Fujimori y Acuña: dos candidatos con investigaciones fiscales

Foto: Inforegión.

El Perú está normalizando una escena que debería incomodarlo hasta el insomnio: candidaturas presidenciales que compiten con investigaciones fiscales en curso, como si gobernar fuera un trámite y rendir cuentas una cortesía. Se nos pide votar con fe, no con información. Se nos invita a mirar propuestas, no expedientes. Y cuando alguien exige explicaciones, aparece el escudo automático: “que la justicia decida”. Sí, que la justicia decida en tribunales. Pero la democracia decide antes, en las urnas, y decide con el único poder que no admite excusas: el voto.

En ese escenario, dos nombres concentran una alarma mayor por gravedad y patrón: Keiko Fujimori y César Acuña. No porque la investigación sea sinónimo de culpabilidad —no lo es—, sino porque el país no puede seguir entregando el Estado a candidatos que llegan condicionados por sospechas vinculadas, precisamente, a los temas que prometen “combatir”: corrupción, captura institucional y uso indebido del poder.

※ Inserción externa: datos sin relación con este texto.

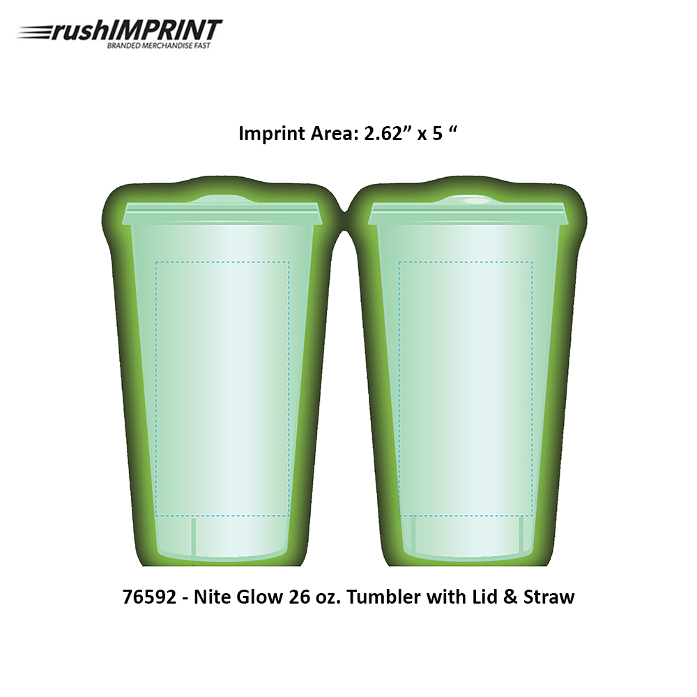 Glows in the dark. Nite Glow effect activated by exposure to light. Cup made from durable PP plastic. Lid made from durable PE plastic. Sip through, snap on lid. Straw included. Optional gift box holds Set of 4 - Tumblers, Lids & Straws. Additional $5 (G) per Box. Includes assembly and insertion of Items into box. Not recommended for hot beverages.Top shelf dishwasher safe. Price includes one color, one location imprint.

El caso de Keiko Fujimori es particularmente corrosivo para la confianza pública. No estamos ante una candidata novel, expuesta por primera vez a la fiscalización. Es una figura recurrente en la política nacional, con investigaciones que incluyen presuntos delitos como lavado de activos y organización criminal, además de diligencias asociadas a procesos electorales. Cuando una aspirante a gobernar acumula imputaciones de esa naturaleza, no basta con repetir la palabra “persecución” como si fuera una absolución anticipada. La democracia exige algo más simple y más difícil: explicar con precisión qué se investiga, por qué, en qué estado está y qué garantías ofrece de no usar el poder para convertir su defensa en política de Estado.

Porque esa es la implicancia real: un gobierno que nace bajo sospecha tiene un incentivo perverso a gobernar en modo autodefensa. Cada institución autónoma se vuelve un obstáculo potencial, cada fiscal un enemigo conveniente, cada investigación un motivo para polarizar. El país termina discutiendo expedientes mientras la inseguridad crece, la economía se enfría y la corrupción se recicla. La Presidencia no puede ser un estrado permanente, ni el Estado una coraza.

El caso de César Acuña no es menos inquietante, aunque el ángulo sea distinto. Sus investigaciones incluyen presuntos delitos como tráfico de influencias, concusión y cohecho, es decir, sospechas vinculadas al corazón de la función pública: el poder como moneda, la cercanía peligrosa entre interés privado y decisión pública. Aquí el problema no es solo jurídico, es político: ¿cómo sostener un discurso de institucionalidad cuando el propio candidato debe responder por expedientes que cuestionan su relación con el poder? ¿Con qué autoridad moral se promete “orden” si el país teme que ese orden sea, en realidad, un orden conveniente?

Lo más grave no es que existan investigaciones. Lo más grave es el ecosistema que las vuelve tolerables. Partidos que postulan sin filtrar, militancias que defienden sin leer, candidatos que se victimizan sin explicar y ciudadanos que se resignan con el “todos son iguales”. Esa resignación es la mejor aliada de la impunidad. Porque cuando todo se relativiza, nada se exige. Y cuando nada se exige, el poder se captura.

Esta editorial no pide condenas sin sentencia. Pide algo más básico: no convertir la sospecha en costumbre. Presunción de inocencia, siempre. Pero idoneidad política se evalúa antes de votar, no después de lamentar. Si Fujimori y Acuña quieren gobernar, deben ofrecer transparencia completa, verificable y sin victimismo. No “emociones”, no “ataques”, no “campañas sucias”: hechos y documentos.

La reflexión final es dura, pero necesaria: una democracia que elige líderes condicionados termina con un Estado condicionado. Y un Estado condicionado es un Estado débil: perfecto para el crimen organizado, perfecto para la corrupción, perfecto para la captura. La Presidencia no es un refugio de expedientes. Si el Perú insiste en votar con los ojos cerrados, luego no podrá quejarse de vivir en un país donde la rendición de cuentas siempre llega tarde… o nunca llega.